Yuzhan (28 November 1923 – 8 July 2016), courtesy name Jungu, was a Chinese calligrapher of Manchu descent. He was a member of the Aisin Gioro clan, the imperial clan of the Manchu-led Qing dynasty. He was also the seventh son of Puwei () and a great-grandson of Yixin (Prince Gong).

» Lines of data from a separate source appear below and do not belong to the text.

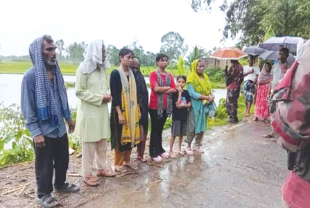 লালমনিরহাটের পাটগ্রাম সীমান্ত দিয়ে আবারও সাতজনকে পুশইন করেছে ভারতীয় সীমান্ত রক্ষী বাহিনী বিএসএফ। (২৪ জুন) মঙ্গলবার ভোররাতে বাউরা ইউনিয়নের হোসনাবাদ সীমান্ত দিয়ে এঘটনা ঘটে। পরে বর্ডার গার্ড বিজিবি সদস্যরা তাদের হেফাজতে নিয়ে থানা পুলিশের নিকট হস্তান্তর করে। বিজিবি পুলিশ ও স্থানীয়রা জানায় হোসনাবাদ সীমান্তের ৮৮২ নম্বর মেইন পিলারের ২ নম্বর সাব পিলারের নিকট দিয়ে মঙ্গলবার ভোররাতে ভারতের কোচবিহার জেলার ১৫৭ বিএসএফ ব্যাটালিয়নের মহেশমারী ক্যাম্পের বিএসএফ সদস্যরা সাতজনকে বাংলাদেশে পুশইন করে। এদের মধ্যে তিনজন শিশু, দুইজন পুরুষ ও দুইজন নারী রয়েছে। খবর পেয়ে বাউরা নবীনগর বিজিবি ক্যাম্পের সদস্যরা স্থানীয় গ্রামবাসীর সহায়তায় পুশইনকৃত নারী, শিশু, পুরুষদের আটক করে খারিজা জোংড়া এলাকার একটি বিদ্যালয়ে আটকে রাখে। পরে বিজিবি মঙ্গলবার দুপরে তাদের থানা পুলিশের নিকট হস্তান্তর করে। যাদের পুশইন করা হয়েছে তারা হল মৃত আব্দুর রহিমের ছেলে মো. কাওসার(৭০) তার ভাই মো. খুরশিদ(৫০) কাওসারের স্ত্রী মুন্নী খাতুন(৬০) খুরশিদের স্ত্রী তারা বেগম(৪৫) তাদের মেয়ে সানিয়া(১৭) রাজিয়া(১৫) ও আমেনা(৮) এরা খুলনার মেট্রোপলিটন, হাউজিং বাজার এলাকার খালিশপুর থানার বাসিন্দা বলে প্রাথমিক ভাবে পুলিশ জানিয়েছে। পাটগ্রাম থানার ওসি মিজানুর রহমান বিষয়টি নিশ্চিত করে জানান পুশইনকৃতদের নাগরিকত্ব খতিয়ে দেখা হচ্ছে। তাদের পরিবারের সাথে যোগাযোগ করা হচ্ছে। নিশ্চিত হলে তাদের নিকট হস্তান্তর করা হবে।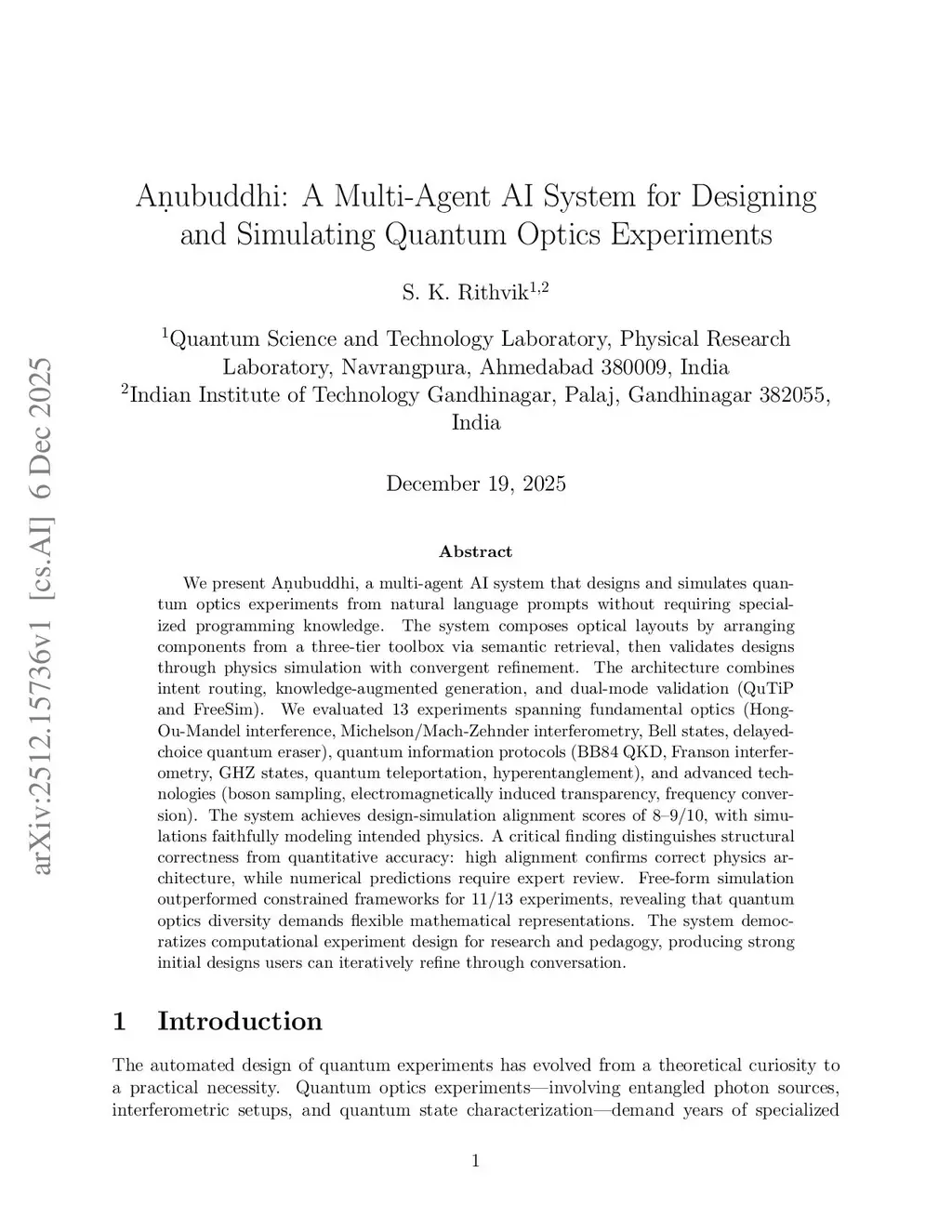 We present Anubuddhi, a multi-agent AI system that designs and simulates quantum optics experiments from natural language prompts without requiring specialized programming knowledge. The system composes optical layouts by arranging components from a three-tier toolbox via semantic retrieval, then validates designs through physics simulation with convergent refinement. The architecture combines intent routing, knowledge-augmented generation, and dual-mode validation (QuTiP and FreeSim). We evaluated 13 experiments spanning fundamental optics (Hong-Ou-Mandel interference, Michelson/Mach-Zehnder interferometry, Bell states, delayed-choice quantum eraser), quantum information protocols (BB84 QKD, Franson interferometry, GHZ states, quantum teleportation, hyperentanglement), and advanced technologies (boson sampling, electromagnetically induced transparency, frequency conversion). The system achieves design-simulation alignment scores of 8--9/10, with simulations faithfully modeling intended physics. A critical finding distinguishes structural correctness from quantitative accuracy: high alignment confirms correct physics architecture, while numerical predictions require expert review. Free-form simulation outperformed constrained frameworks for 11/13 experiments, revealing that quantum optics diversity demands flexible mathematical representations. The system democratizes computational experiment design for research and pedagogy, producing strong initial designs users can iteratively refine through conversation.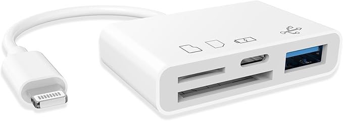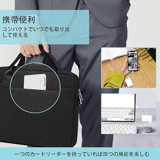 【4in1カードリーダー】一つのカードリーダーに四つのポートがあるため、複数のカードが同時に読み取れます。1*USBポート+ 1*SDポート(SD/SDHC/SDXC/MMC Micro/RS MMC)+ 1*TFポート(Micro SD/SDHC/SDXC)+ 1*ライトニングポートが搭載されています。数多くニーズに満足でき、一つを持っていれば四つの機能が楽しめます。iPhoneやiPadのメモリ不足の場合、Lightning to USB/SD/TF変換アダプタを通じて容量解放できます。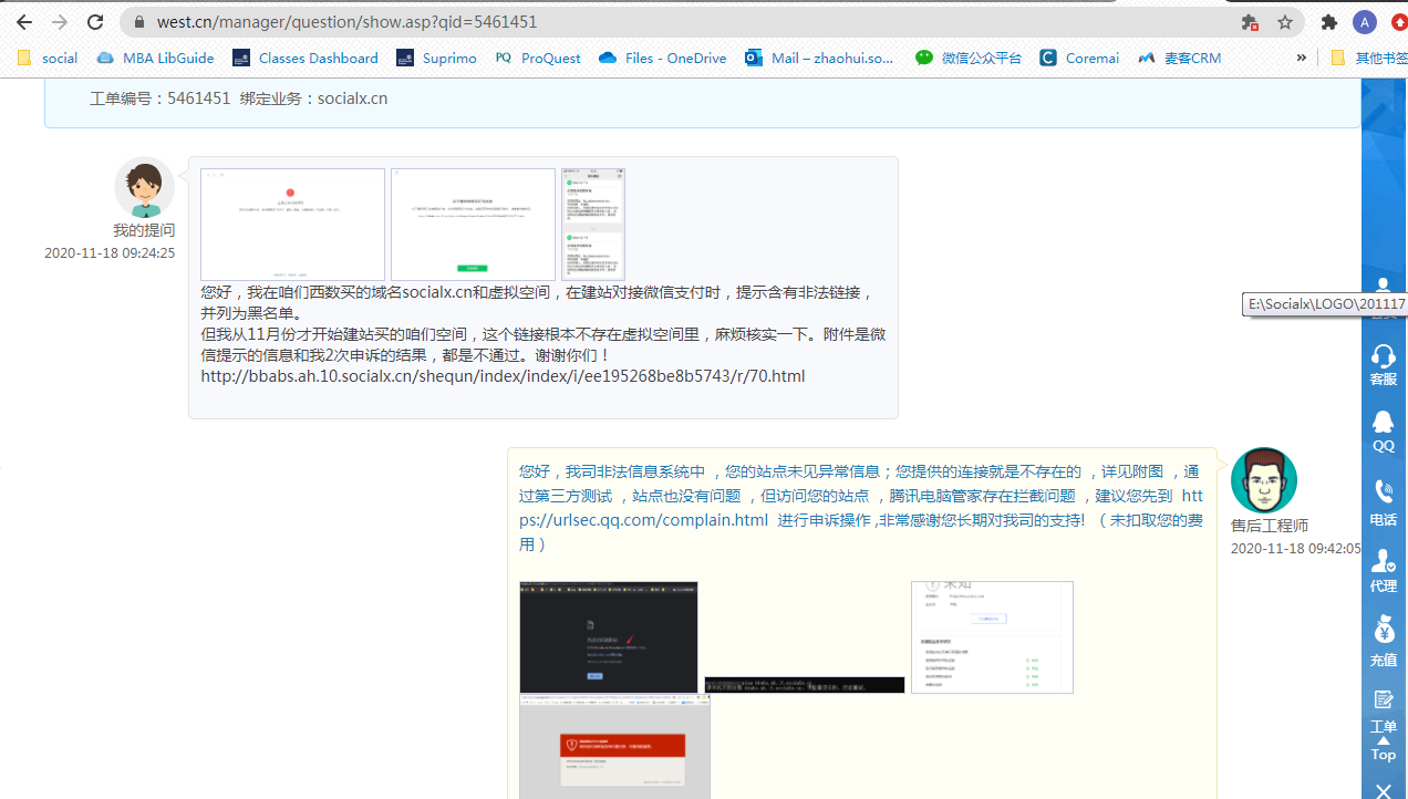 socialx.cn,我在今年3月6日买的,之后一直没使用。本月11月13日ICP备案并通过,备案号是 沪ICP备19019576号-2,但接入微信支付时发现被上了黑名单。原因是因为这个链接:http://bbabs.ah.10.socialx.cn/shequn/index/index/i/ee195268be8b5743/r/70.html,但我服务器上根本没有这个链接,而且这个链接已无法访问,这是之前的域名买家的网站,并不是我的服务器上的。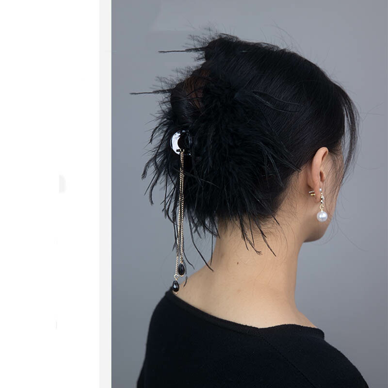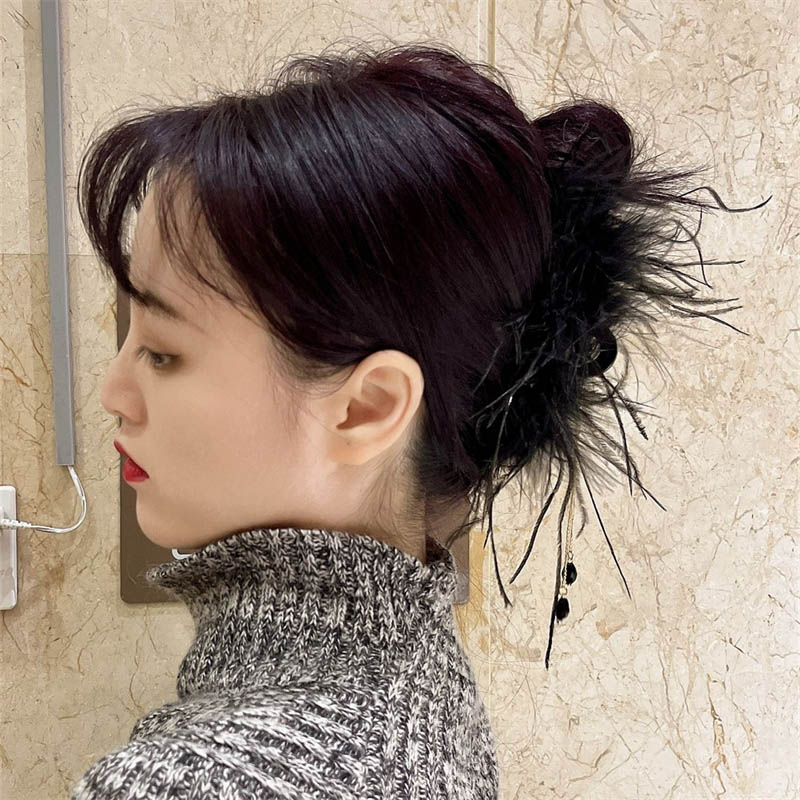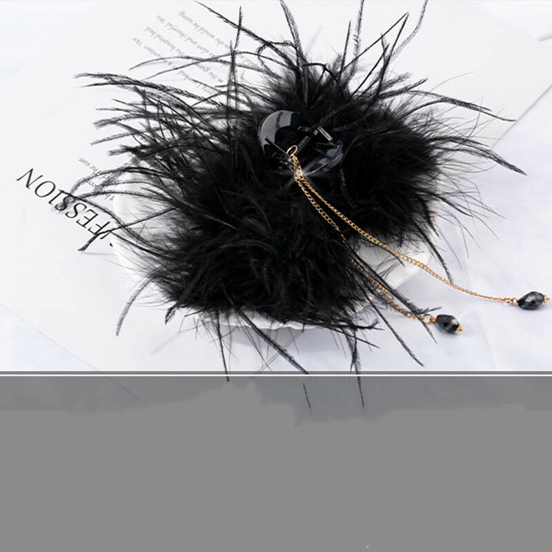 へアクリップ 大きめ 羽 ブラック バ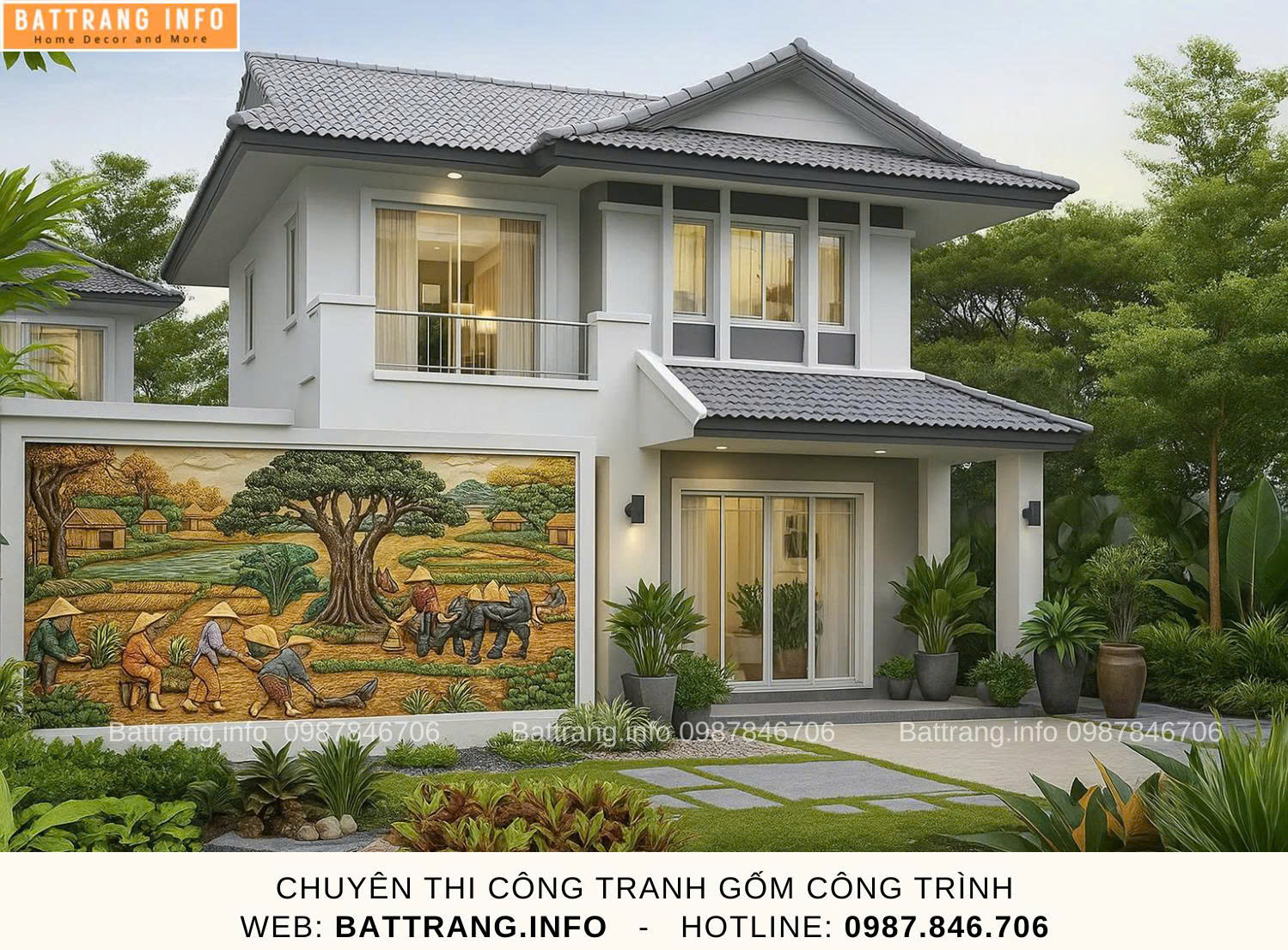 • Cổng vòm hoặc vách trang trí biệt thự, resort Mỗi bức tranh mang lại cảm giác ấm cúng, gần gũi với thiên nhiên và thể hiện gu thẩm mỹ riêng của gia chủ.

Yuzhan was born in Dalian, Liaoning on 28 November 1923. He developed a keen interest in calligraphy, and learned the style of the Qing imperial clan. During the Second Sino-Japanese War, Yuzhan and his father, Puwei, served in the puppet state of Manchukuo, where Puyi, the last emperor of the Qing dynasty, had been installed by the Japanese as Manchukuo's emperor. Puyi later referred to Yuzhan as "Xiaogu" () in his autobiography. When Puwei died in 1936, Yuzhan inherited his father's princely title, "Prince Gong of the First Rank" (), and held this title until 1945. At the end of the war in 1945, Yuzhan was captured by Soviet forces and extradited to the War Criminals Management Centre in Fushun, Liaoning. He was released four years later in 1949.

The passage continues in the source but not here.